The disclosure generally relates to ultrasound systems and, more particularly, to ultrasound systems for aggregating or focusing cells for subsequent visualization.

INTRODUCTION

This section provides background information related to the present disclosure which is not necessarily prior art.

Pediatricians are compelled with difficult decisions when an infant or young child comes into the emergency department with fever, fussiness, and poor feeding. Even though a simple viral infection is by far the most common cause, it is necessary to rule out bacterial meningitis. Bacterial meningitis may have severe downstream consequences, including permanent neurologic deficits, learning disabilities, and death. This situation currently requires a spinal tap or lumbar puncture to sample and examine the cerebrospinal fluid to determine if there are white blood cells present, indicating a bacterial or viral infection of the central nervous system, in contrast to an ordinary viral infection of the upper respiratory system. The lumbar puncture procedure causes significant stress and discomfort to both the child and the parents. Additionally, the lumbar puncture procedure imposes a significant cost burden.
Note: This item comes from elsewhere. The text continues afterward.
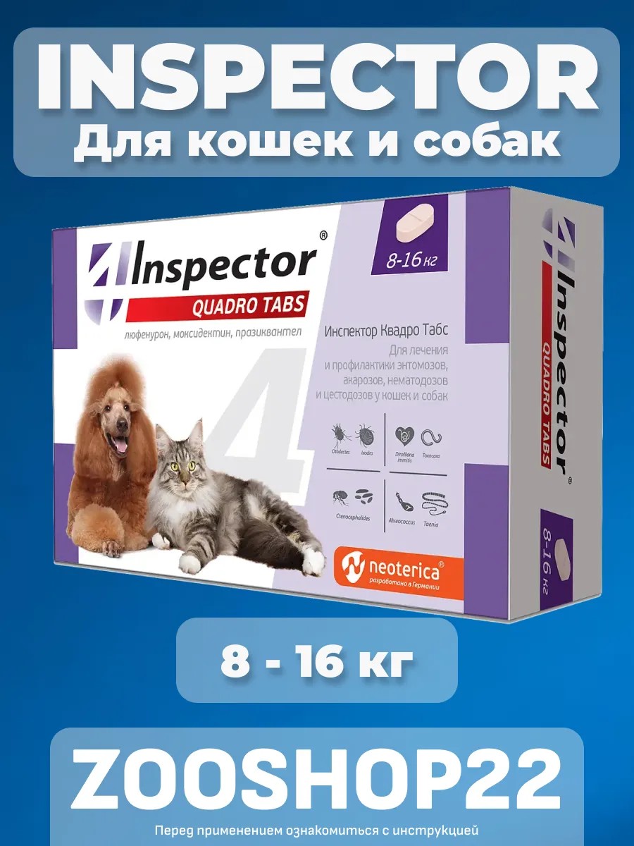 | Полное наименование товара | Инспектор Квадро (Inspector Quadro) таблетки от глистов для кошек, собак, котят и щенков 8-16 кг: против круглых и ленточных гельминтов, для дегельминтизации, при гельминтозе |

In the vast majority of cases the results are negative for bacterial meningitis. There is an unmet clinical need for a painless, noninvasive test for detection of abnormal cells in the cerebrospinal fluid, which is normally cell free.

Accordingly, there is a continuing need for a non-invasive detection system that is configured to visualize abnormal cells in the cerebrospinal fluid. Desirably, the non-invasive detection system may be configured to detect the abnormal cells more economically and more quickly than known methods such as a spinal tap or a lumbar puncture.

SUMMARY

In concordance with the instant disclosure, a multiwavelength ultrasound system that is configured to concentrate and then detect abnormal cells in the cerebrospinal fluid, has surprisingly been discovered. Desirably, the multiwavelength ultrasound system may more quickly first concentrate at longer wavelengths and then visualize at shorter wavelengths the abnormal cells in the cerebrospinal fluid for a fraction of the costs of known methods such as a spinal tap or a lumbar puncture.
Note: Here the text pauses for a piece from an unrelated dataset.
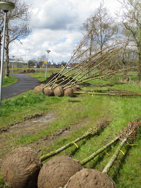 Als we langs het noordelijkste stuk van de Mokkenburgweg lopen, zien we jonge bomen met kluit liggen, bedoeld voor de aanplant bij de rotonde en de uitrij richting Niezijl en Grijpskerk. Verheugend!

The multiwavelength ultrasound system is configured to aggregate and determine a location and/or a position of acoustically focused biological cells in an aqueous media. In a specific example, the biological cells may include white blood cells. The multiwavelength ultrasound system may include a first ultrasound device, a second ultrasound device, and a processor. The first ultrasound device may be configured to produce a first ultrasound wave having a frequency lower than around 300 kHz. The first ultrasound wave may also be configured to aggregate the biological cells via acoustic focusing. The second ultrasound device may be configured to produce a second ultrasound wave having a frequency greater than around 300 kHz. The second ultrasound wave may also be configured to determine the location and/or the position the biological cells. The processor may be configured to selectively actuate the first ultrasound device(s) and/or the second ultrasound device. The processor may be configured to determine a density and/or a presence of the biological cells or contaminants such as bacteria. Additionally, the processor may be configured to output a concentration or confirmation of the presence or absence of the biological cells.
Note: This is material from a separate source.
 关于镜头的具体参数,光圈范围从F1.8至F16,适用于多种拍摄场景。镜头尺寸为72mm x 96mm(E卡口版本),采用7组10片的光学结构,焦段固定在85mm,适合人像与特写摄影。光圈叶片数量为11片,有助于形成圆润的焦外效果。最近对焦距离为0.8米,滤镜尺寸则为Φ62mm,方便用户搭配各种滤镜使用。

Various ways of using the multiwavelength ultrasound system configured to aggregate and determine a location and/or a position of acoustically focused biological cells are provided. For instance, a method may include a step of providing a first ultrasound device, a second ultrasound device, and a processor. The first ultrasound device may be configured to produce a first ultrasound wave having a frequency lower than around 300 kHz. The first ultrasound wave may also be configured to aggregate the biological cells, such as white blood cells, via acoustic focusing. The second ultrasound device may be configured to produce a second ultrasound wave having a frequency greater than around 300 kHz. The second ultrasound wave may be configured to determine the position and/or the presence of the acoustically focused biological cells or clumps of cells. The processor may be configured to selectively actuate at least one of the first ultrasound device and the second ultrasound device, determine a density of the biological cells, and/or output a concentration of the biological cells. Next, the first ultrasound system may generate the first ultrasound wave. The biological cells may then be aggregated. The second ultrasound system may generate the second ultrasound wave. Then, the location and/or the position of the biological cells may be determined. Afterwards, the density or presence of the biological cells may be identified. A concentration of the biological cells may also be determined.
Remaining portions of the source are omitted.